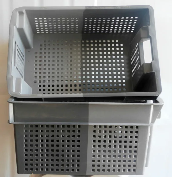 Apilable y encajable para minimizar espacio cuando están vacías, al mismo tiempo realizadas en dos colores para diferenciar el apilado en lleno o el apilado en vacío.
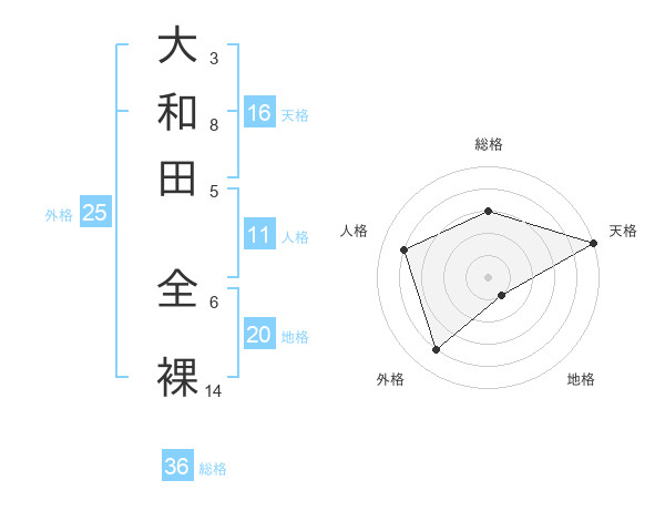 大和田 全裸さんを姓名の画数から五運を鑑定
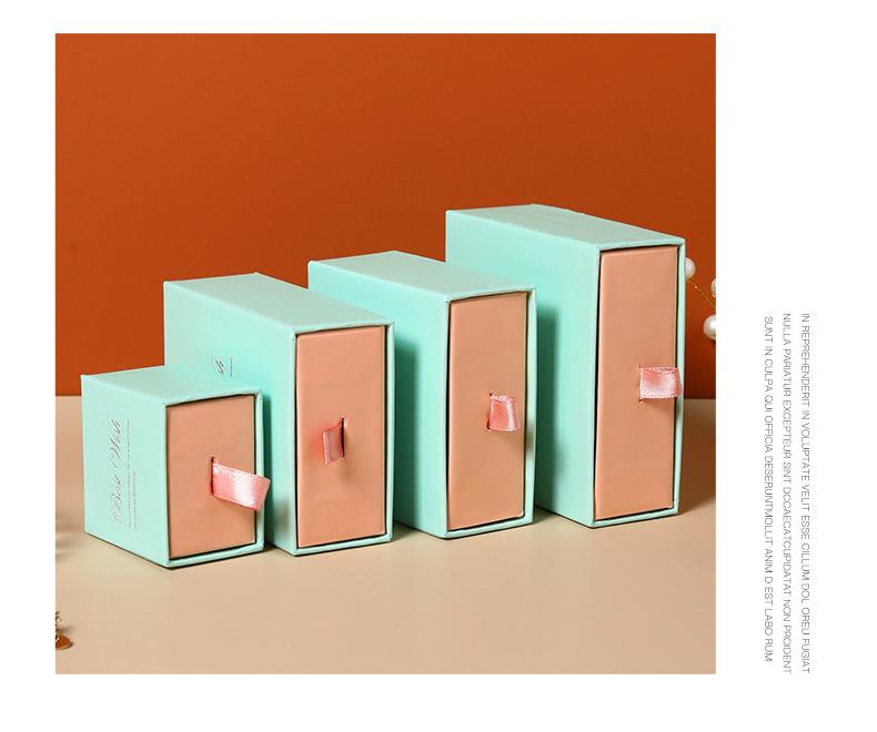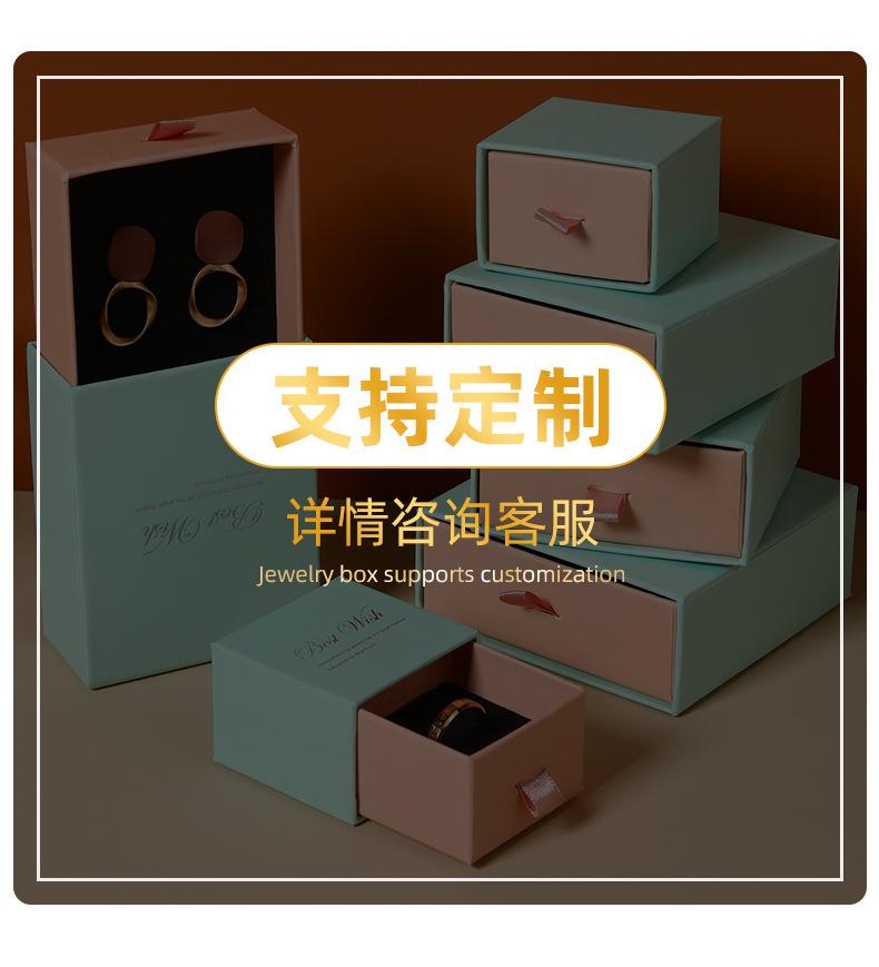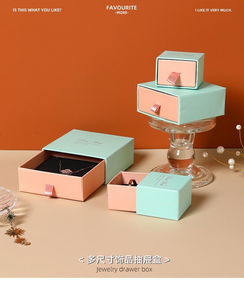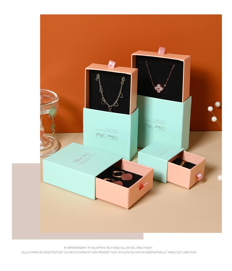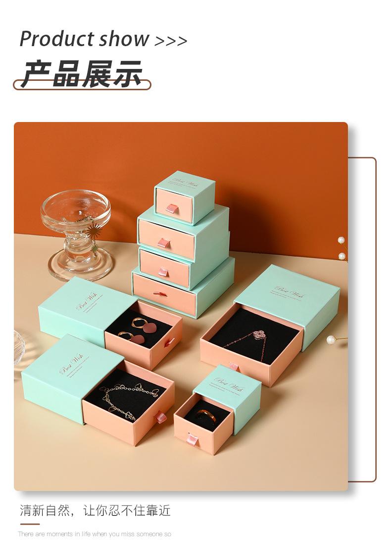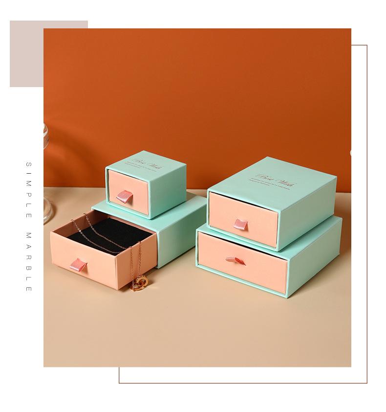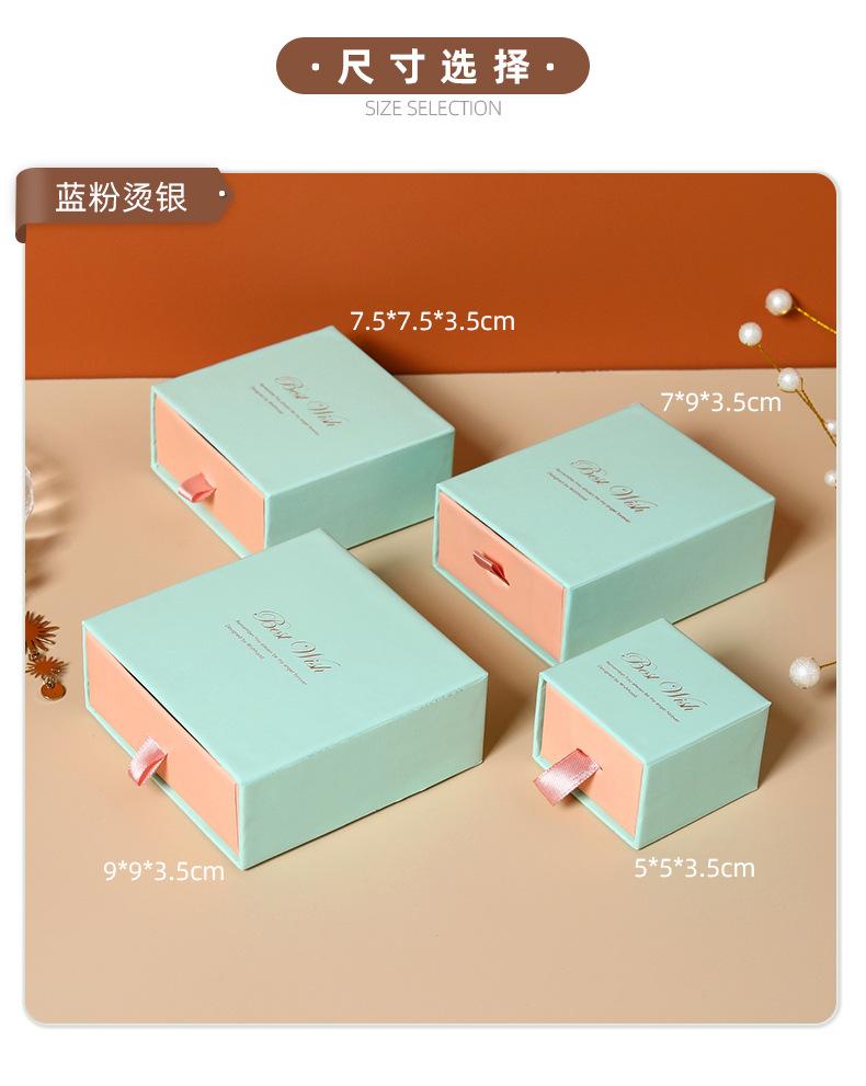 Caja de almacenamiento de joyas exquisitas en azul y rosa al por mayor de fábrica, caja de cajón para empaquetar anillos, collares, pulseras y pendientes.

Work to be completed:
Down to the last line, print the material exactly, but not its pictures.

Solution:
 Apilable y encajable para minimizar espacio cuando están vacías, al mismo tiempo realizadas en dos colores para diferenciar el apilado en lleno o el apilado en vacío.
 大和田 全裸さんを姓名の画数から五運を鑑定
 Caja de almacenamiento de joyas exquisitas en azul y rosa al por mayor de fábrica, caja de cajón para empaquetar anillos, collares, pulseras y pendientes.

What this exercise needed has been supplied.